In keeping with our school's philosophy of an integrated approach to teaching through all grade levels, the Science Department recently welcomed the two Grade 1 classes for a special introduction to the Origin of Life on Earth.
Dr Erard welcomed the students to the Biology lab and proceeded to describe the origin of the earth and the appearance of the first unicellular life form. He walked the students through the evolutionary process that led to the appearance of news species through slow and incremental changes over a very long time. Students were informed that the big idea behind the session would be: "One Big Family".
Students got the opportunity to look at some evidence showing the similarities between organisms by observing cell structures of a number of different organisms such as bacteria, animals, and plants, through a microscope.
To put things into context, students then looked at a graphical timescale of human evolution over the past 300,000 years, and then were given some perspective of the entire process by stretching this timeline to 3.8 million years. Each student was given a magnetic card showing the image of a living organism, along with information about its taxonomy and age, and they were given the task of finding its place on the timescale projected on the board.

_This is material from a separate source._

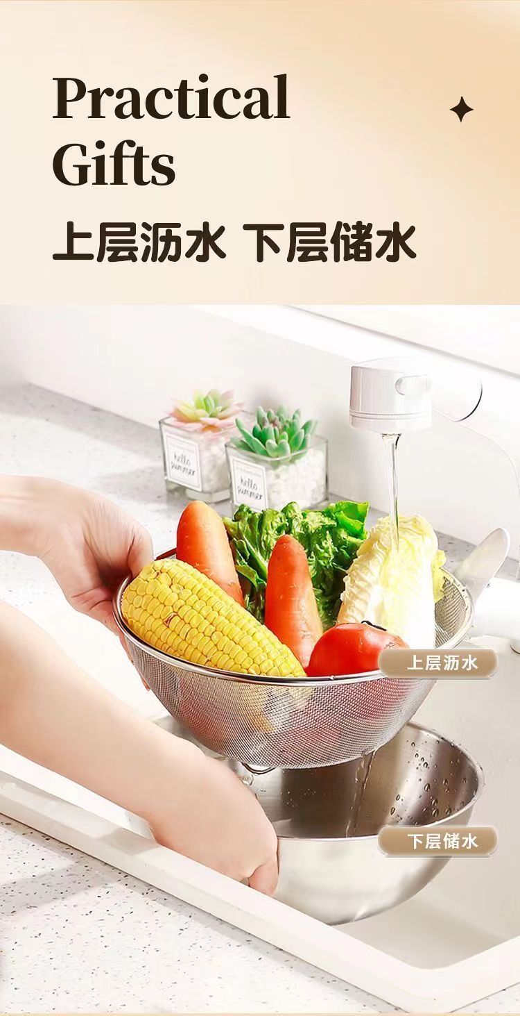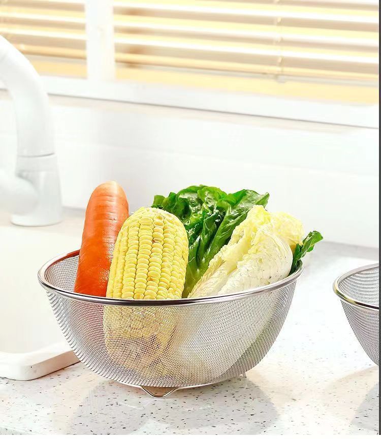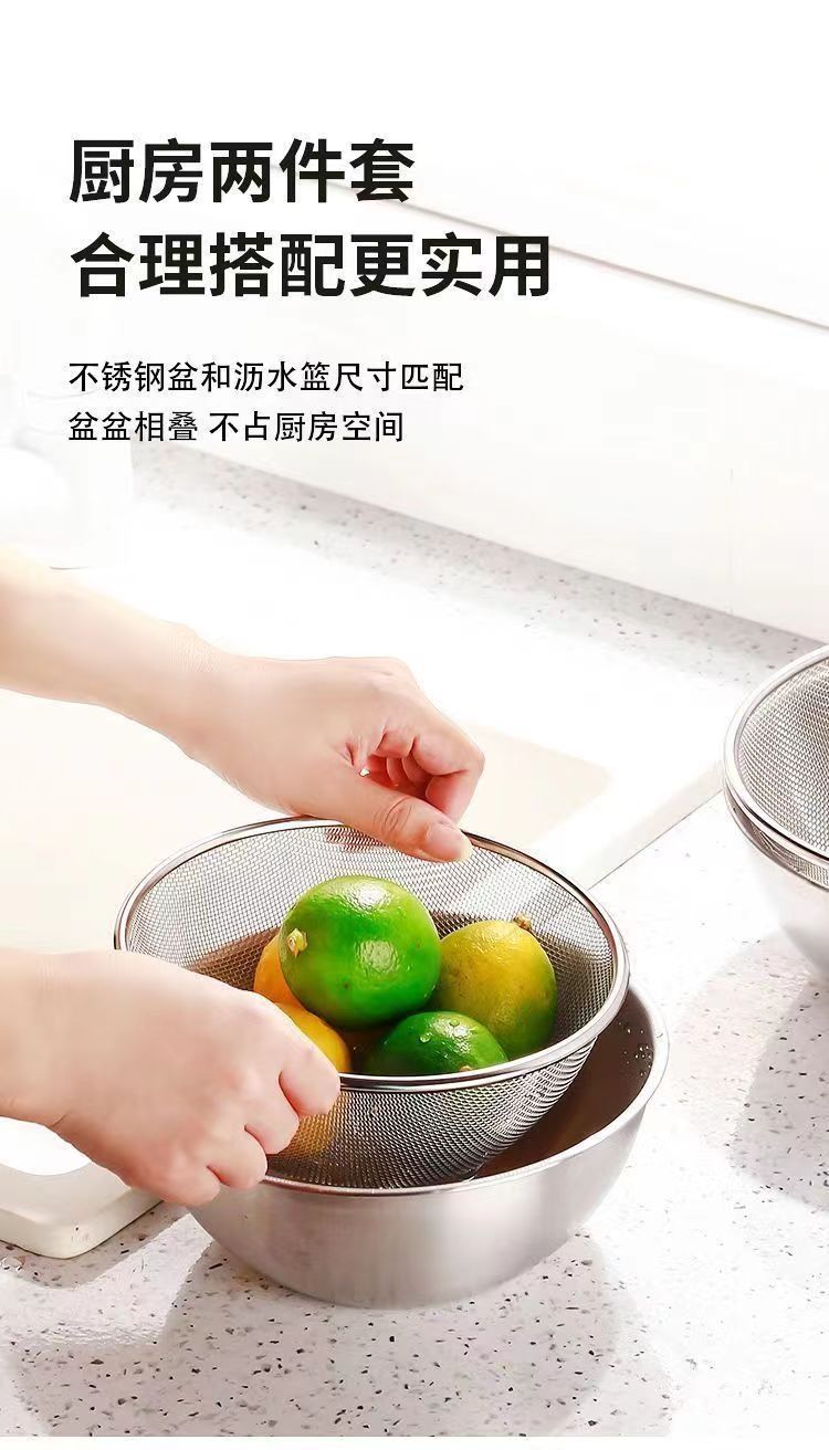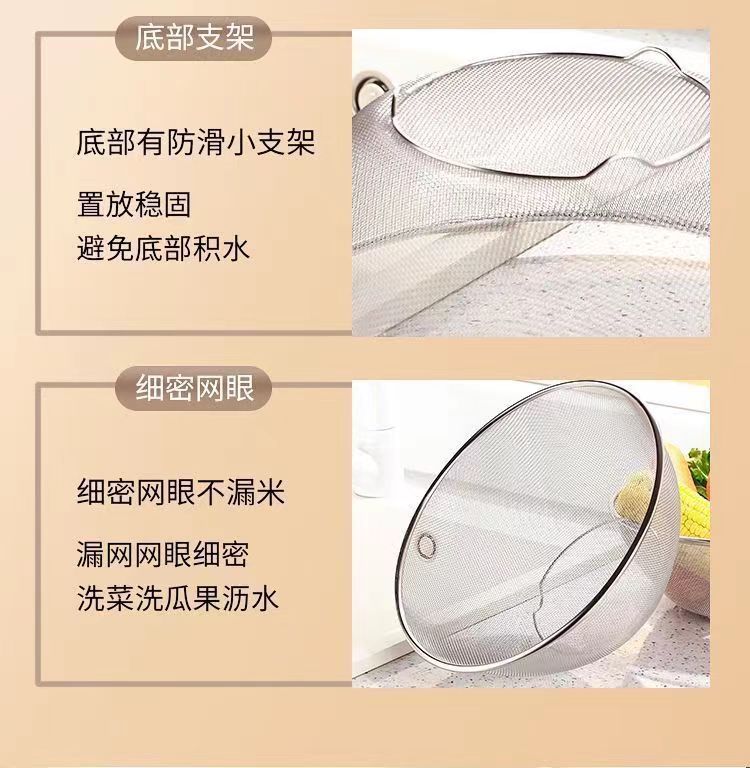 Canasta de drenaje de acero inoxidable de grado alimenticio, lavabo para ensaladas de dos piezas, cocina doméstica, lavabo con fugas, lavabo de verduras con agujeros finos, lavabo de arroz con fugas
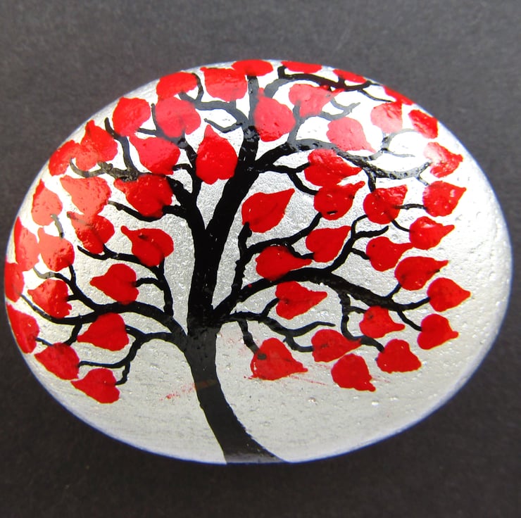 Painted Pebble, Tree of Hearts, Stone Art Painting, Unique Love Gift, Small Rock

Students were surprised to realize that all-time favorite dinosaurs like brachiosaurus tyrannosaurus never actually had to fight each other since they were separated by a whopping 83 million years. This is more than the time that separates tyrannosaurus and us! What a surprise to realize that ubiquitous reptiles actually both preceded, and survived the mighty dinosaurs!
To reinforce the notion, students were given the change to look at another hard (literally!) piece of evidence in the form of fossils from leaves, fish, and ammonite, some of the very organisms that they had just placed on the timescale.
In conclusion, students took a few minutes to put what they had just learned in the context of this year's school motto: "I Am, We Are", and to realize that indeed, we as humans are part of the same big family of all living things that have populated the earth during its long history.